In conclusion, previous studies have used different spatial analysis units, treatments of overlapping buffer areas, and regression models when estimating the station-level ridership of urban rail transit system. However, these methods and models have not been compared yet. So far, there is no guideline on which spatial analysis unit, treatment of overlapping buffer areas, and regression model should be used. As a result, this study will analyze the effect of different spatial analysis units, treatments of overlapping buffer areas, and regression models on the results so as to provide guidelines on which method or model should be used.

3. Research Design

3.1. Study Area

We collected the 2010 demographic variables from latest smart location database (SLD) and urban rail transit data of 2010 for the five selected U.S. cities: New York, San Francisco, Chicago, Philadelphia, and Boston. The five cities are selected because they provide ridership data that is available to the public. In addition, the numbers of urban rail transit stations in these five cities are relatively diverse. New York city has the largest urban rail transit system among the five cites, with 421 stations spreading across Manhattan, Brooklyn, Queens, and Bronx. San Francisco has the least number of stations, with 44 stations connecting cities in the Bay Area. The numbers of stations in Chicago, Philadelphia, and Boston are 136, 156, and 153, respectively.

3.2. Variables and Data Sources

Our dependable variables are the urban rail transit station-level ridership in 2010, which are in form of average weekday station ridership. The data sources and information are shown in (Table 1).

Our independent variables are derived from smart location database (SLD) 2010 and open data in five cities. SLD is available through the US Environmental Protection Agency. We obtain demographic data from SLD with CBG as our basic unit of spatial analysis and cluster them into CTs through GEOIDs. GEOIDs are numeric codes that uniquely identify geographic units. Shapefiles of roads, bus stops, bus lines, and urban rail transit stations are retrieved from the open data. Using ArcGIS spatial analysis tools, the variable data used for modeling are divided into three categories: demographic, land use, and station characteristics.

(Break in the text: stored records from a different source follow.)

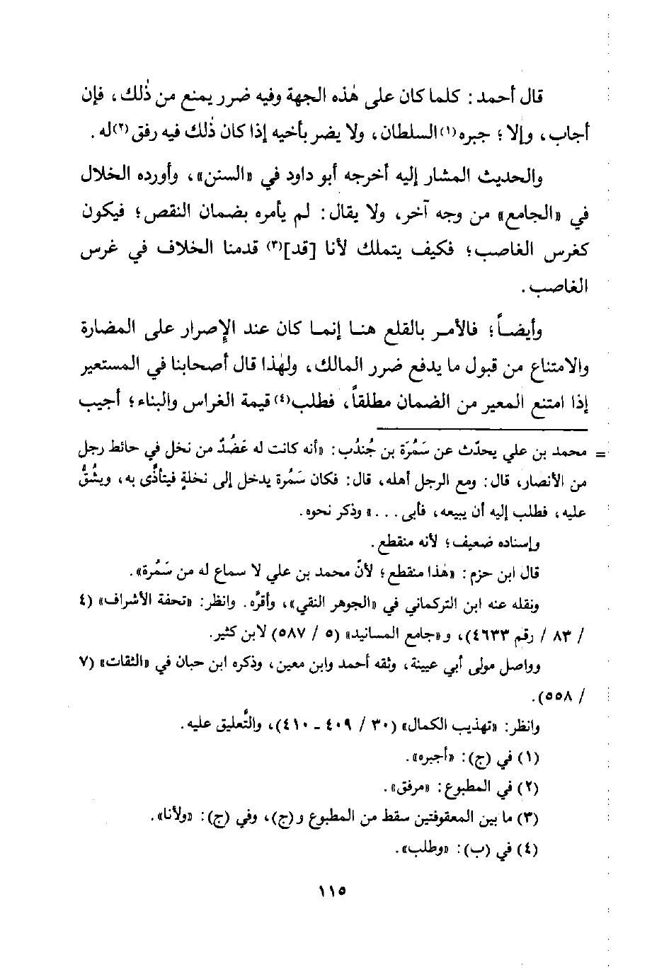 = محمد بن علي يحدّث عن سَمُرَة بن جُندُب: "أنه كانت له عَضُدٌ من نخل في حائط رجل من الأنصار، قال: ومع الرجل أهله، قال: فكان سَمُرة يدخل إلى نخلةٍ فيتأذَّى به، ويشُقُّ عليه، فطلب إليه أن يبيعه، فأبى. . . " وذكر نحوه.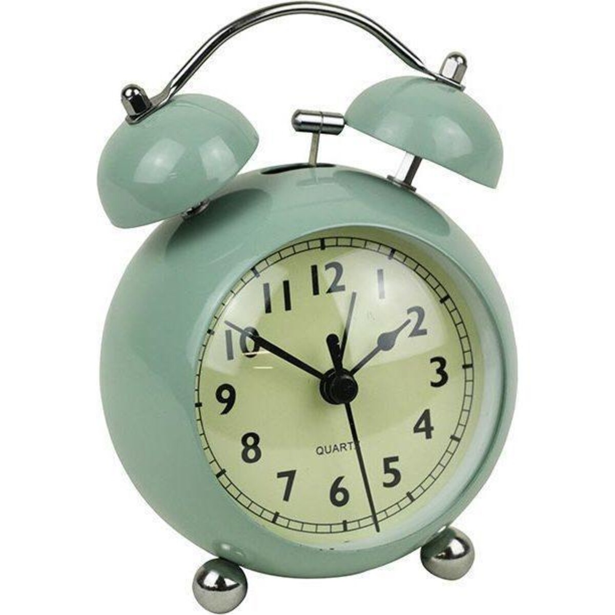 Make time keeping seem artistic with this gorgeously designed retro feel clock that is made of metal, has a glass face and looks visually as appealing as it is acoustically when it tries waking you up from your slumber. This clock stands steadily on its tiny round peg like legs that are made of steel and will make your bedside or study table look rather attractive with its antiquated features .The pale teal shade look marvelous with the white face of the clock and the top with its two domes that creates al the hullaballoo is also another feature that look positively retro. Gift it to someone who has trouble waking up or someone who is very keen on always keeping time. Would surely make a lovely addition to the children's room. It is battery operated so despite looking retro it has ease of use and works as wonderfully with precision as any modern time piece.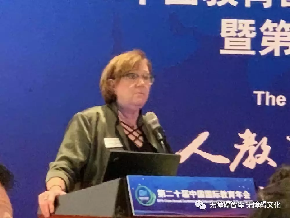 第一階段:聾人教育專題研討會交流現(xiàn)場,美國圣克勞德州立大學(xué)孔子學(xué)院院長Kathryn E.Johnson主持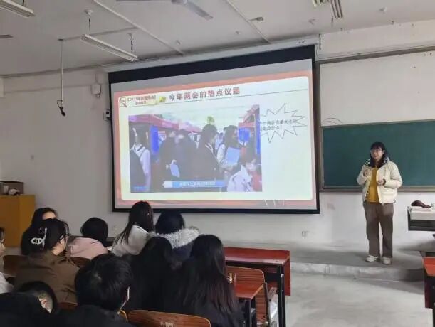 教研室老师们以《政府工作报告》为核心,聚焦“教育强国”“科技创新”“人口高质量发展”等关键词,通过政策图解和代表之声,系统阐释国家战略部署与青年使命的关联性。通过结合两会提出的“深化产教融合”要求,引导学生思考专业发展与国家需求的契合点;围绕“绿色转型”议题,帮助学生理解“双碳”目标下的青年责任。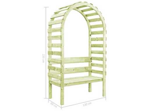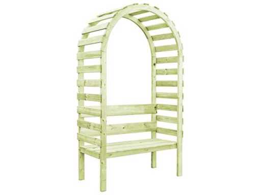 Banc de jardin en pins avec arc de rose - 130x60x230 cm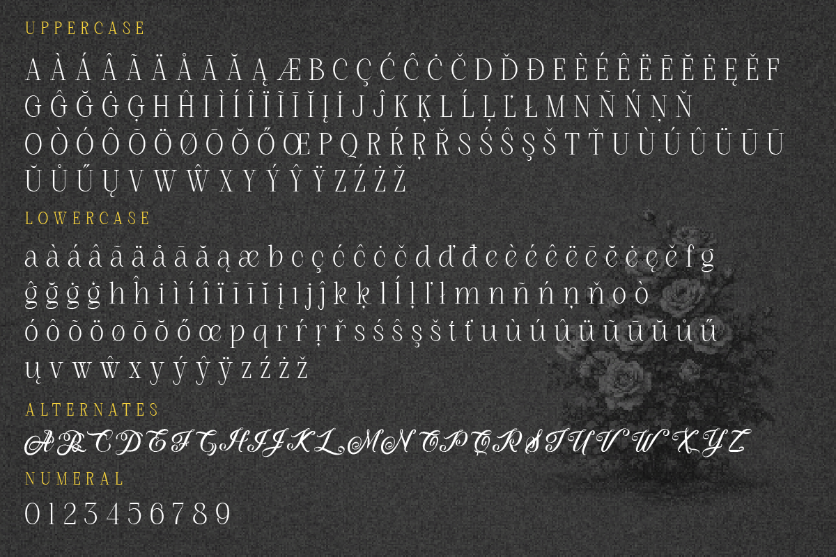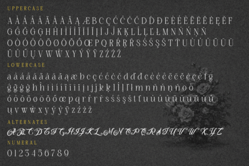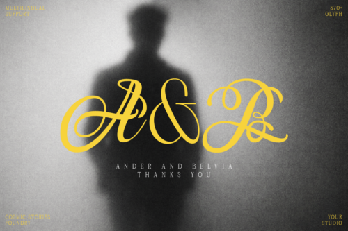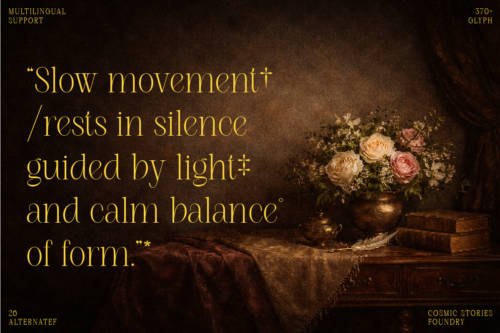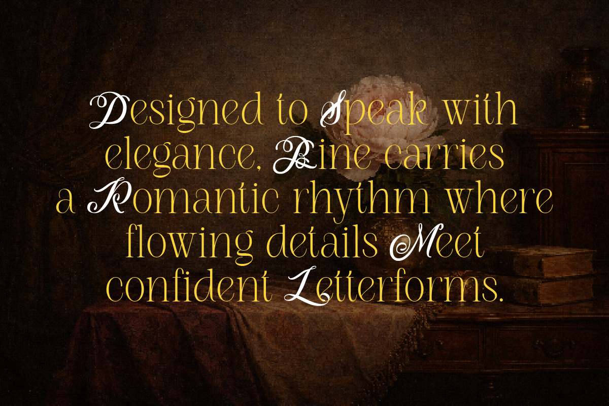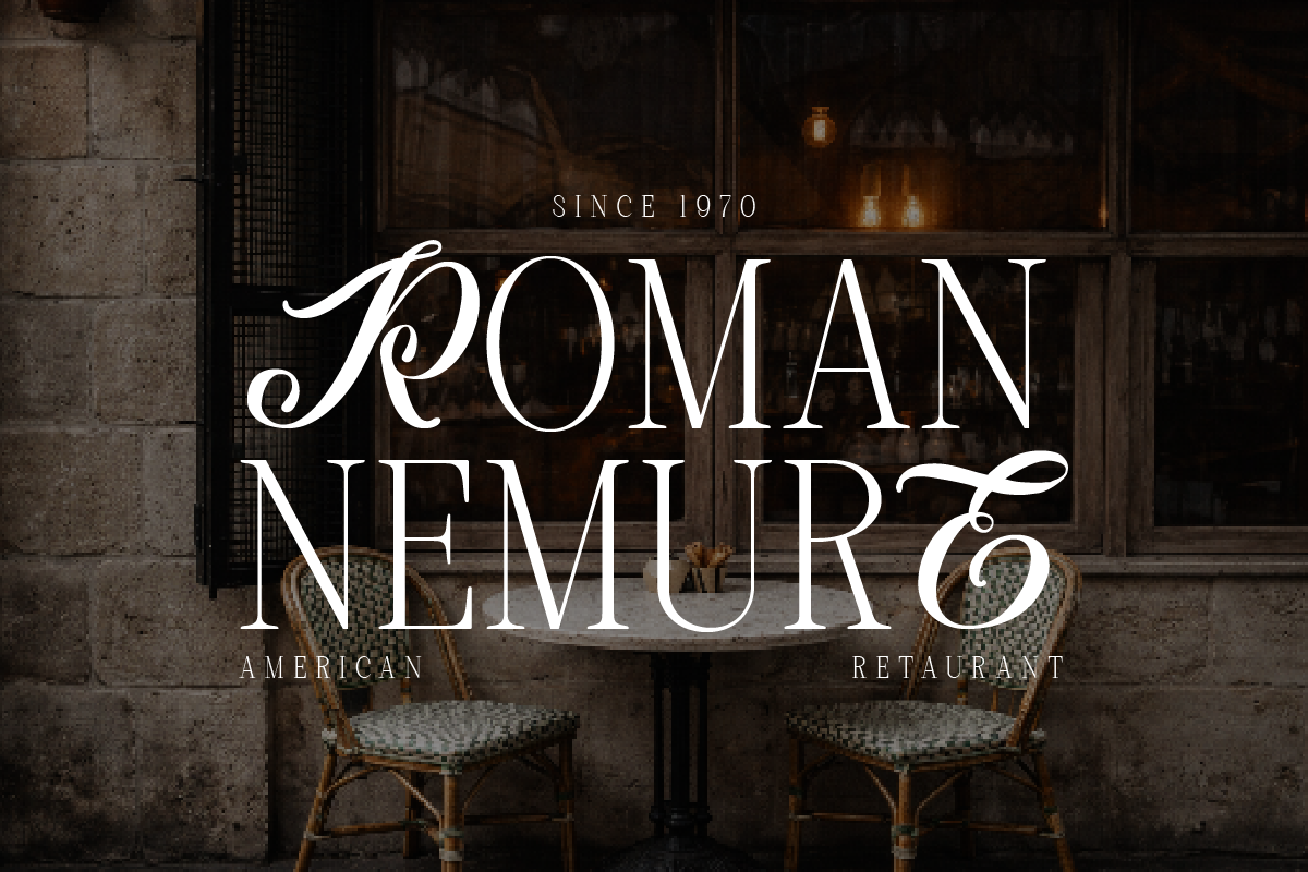Roman Nemure is an elegant serif font that blends classic elegance with a touch of 80s romance. Its characters are bold yet graceful, with gently flowing swashes and ligature details—creating a luxurious, artistic, and timeless look all in one.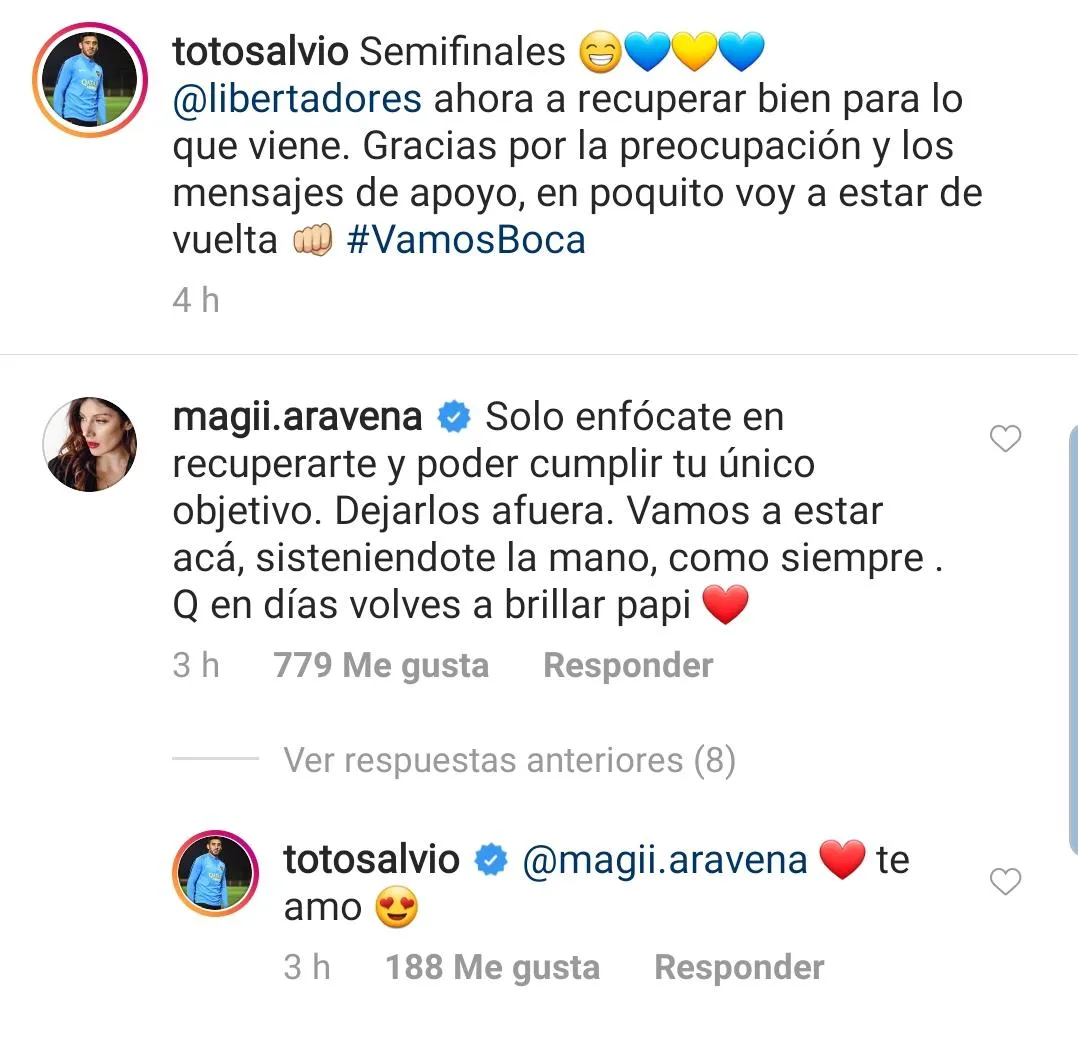 Como es costumbre, su familia siempre lo acompaña. Por eso, entre los comentarios, se destacó el de su mujer, Magalí Aravena. Y allí, brindándole su apoyo, dejó un mensaje de cara a las semifinales contra River: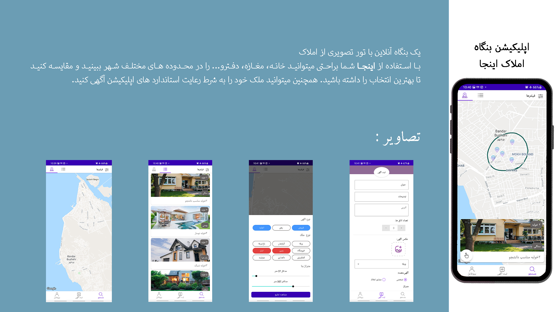 در این اپلیکیشن کاربر با ورود به اپلیکیشن میتواند آگهی های فروش اجاره یا رهن ملک های ثبت شده در نقشه را مشاهده کند و قابلیت خاصی که این برنامه نسبت به دیوار و سایر برنامه های مشابه دارد این است که کاربر می تواند با مشخص کردن یک محدوده مشخص آگهی های درون آن محدوده را مشاهده کند.
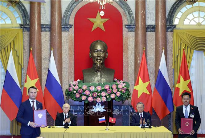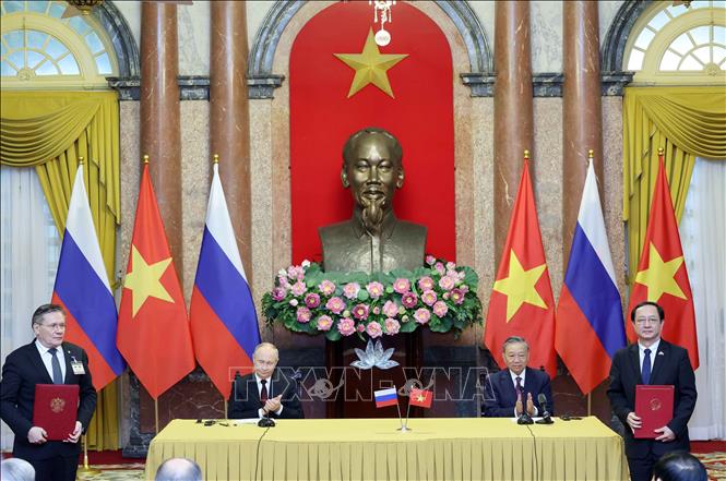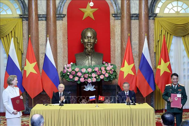 Chiều 20/6, tại Phủ Chủ tịch, sau khi kết thúc hội đàm, Chủ tịch nước Tô Lâm và Tổng thống Liên bang Nga Vladimir Putin chứng kiến trao các văn kiện đã ký kết giữa hai nước và gặp gỡ báo chí.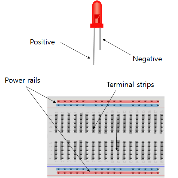 마지막으로 브레드보드가 필요합니다. 브레드보드는 power rails와 Terminal strips로 구성되어 있습니다. 각각의 power rail은 수평하게 내부적으로 연결되어 있습니다. 반대로 각각의 terminal strip은 내부적으로 수직으로 연결되어 있습니다.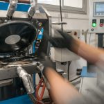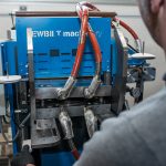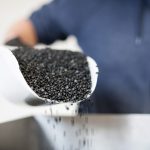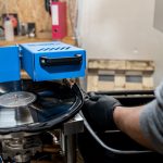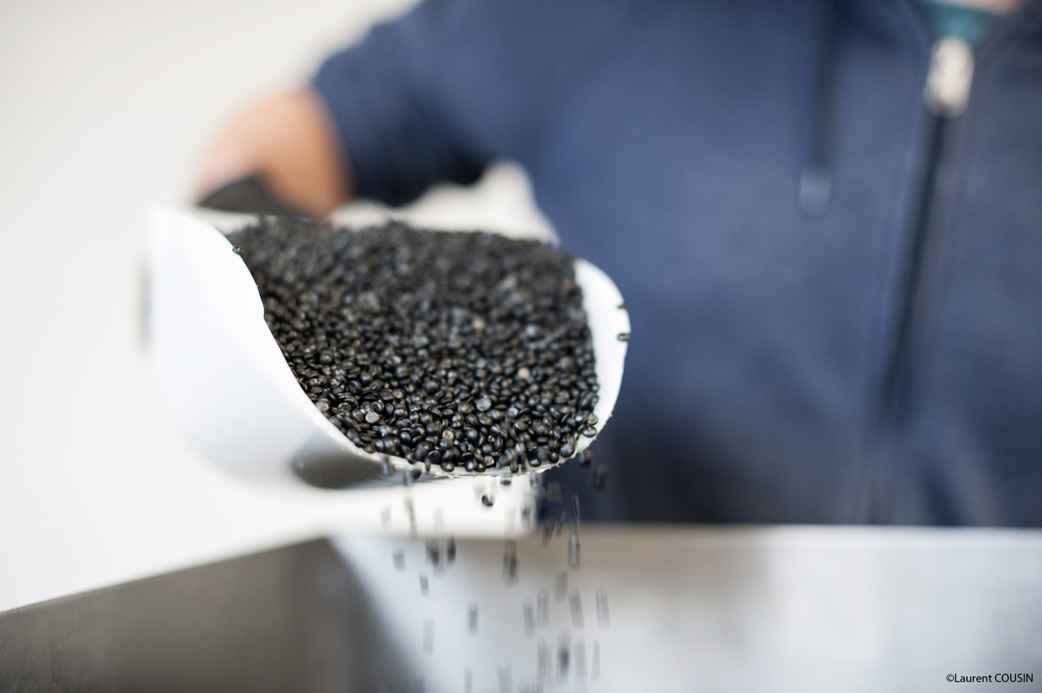 Lionel Daviet alimente la machine en granules de vinyle qui après chauffage sortiront sous forme de « cake ».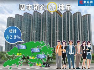 利嘉閣地產研究部主管陳海潮表示,施政報告公布合資格外來人才在港買樓,住滿七年成為永居後可申請退還買家印花稅及新住宅印花稅,長遠對樓市有支持作用;發展商旋即展開推盤步伐,當中不乏價格貼市的新界上車盤,成功搶佔準買家的目光,周末二手指標屋苑預約睇樓量稍回落。根據利嘉閣地產研究部數據估算,全港50個指標屋苑共錄1,195組客戶於周末預約睇樓,按周下跌2.8%。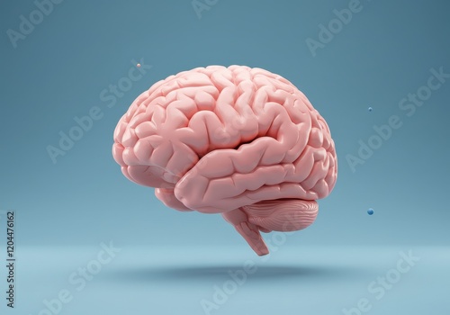 A 3D illustration of a realistic pink human brain floating against a soft blue background
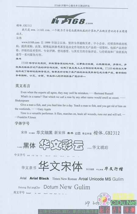 HP 3055有一个比较大的问题是在进纸时不能进行位置调整,在输出的时候经常会出现整体倾斜的现象,我们需要在装入纸张的时候严格的控制位置。从样张的整体表现看,文本的黑度比较饱满,字迹清晰。小字体的测试中,3055可以清晰输出2号字体,1.5号字体也可以识辨,但是笔画有重叠和丢失现象。华文彩云的字体方面表现出色,毛刺现象很轻微,边缘圆滑连贯,镂空方面也比较准确的表现了出来。华文行楷的字体表现中,表现出了足够的力度,笔锋连带苍劲有力。//by http://CiDu.Net/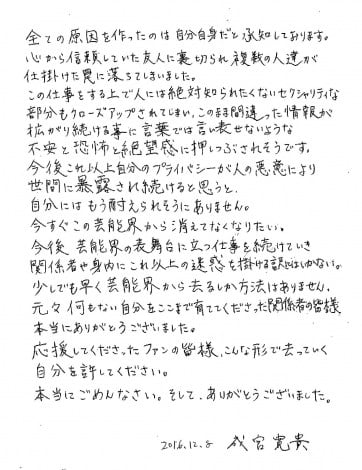 成宮が芸能界を引退したのは2016年。写真週刊誌に違法薬物の使用疑惑が報じられ、本人は否定したものの報道は過熱。「いますぐこの芸能界から消えていなくなりたい」とコメントを残して引退したのだった。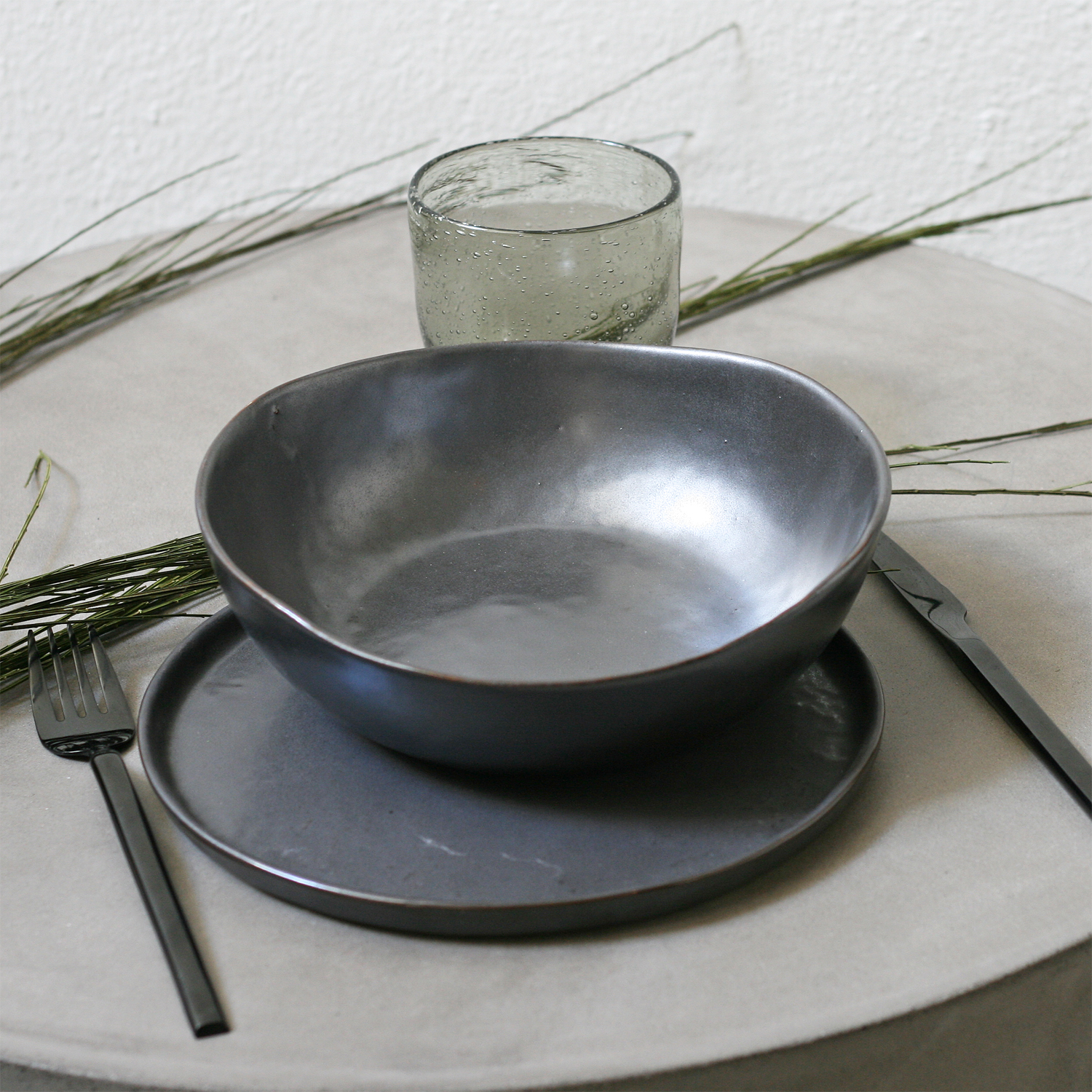 Elegantní salátová miska z porcelánu v černé barvě s lehkým bronzovým nádechem a nepravidelným okrajem.

Variable information is described in Table 2.

3.3. Overlapping Issue of Station Coverage Area

This study applies three different methods to deal with the overlapping issue of the station service coverage area: naive method (i.e., no treatment), equal division method, and the Thiessen polygons method. The circular buffer zone is a circular area with a station as the center and a radius of 800 meters as shown in Figure 1. However, when stations are located densely, a large amount of overlapping can occur with this method. As a result, this may significantly affect the model accuracy. For this reason, two other methods are used. The equal division method is similar to the naïve method. But the overlapped population, employment, and bus stops will be equally divided within a spatial unit. However, it should be noted that other variables (Table 1) do not involve equal splits under this method. As highlighted in the red square in Figure 1, when the two circular buffer areas overlap, the data in the overlapping part will be evenly assigned to the service coverage area of the two nearby stations. Another possible method is the use of Thiessen polygons, where any data point within the polygon is assigned to its closest station measured in distance, as illustrated in Figure 2.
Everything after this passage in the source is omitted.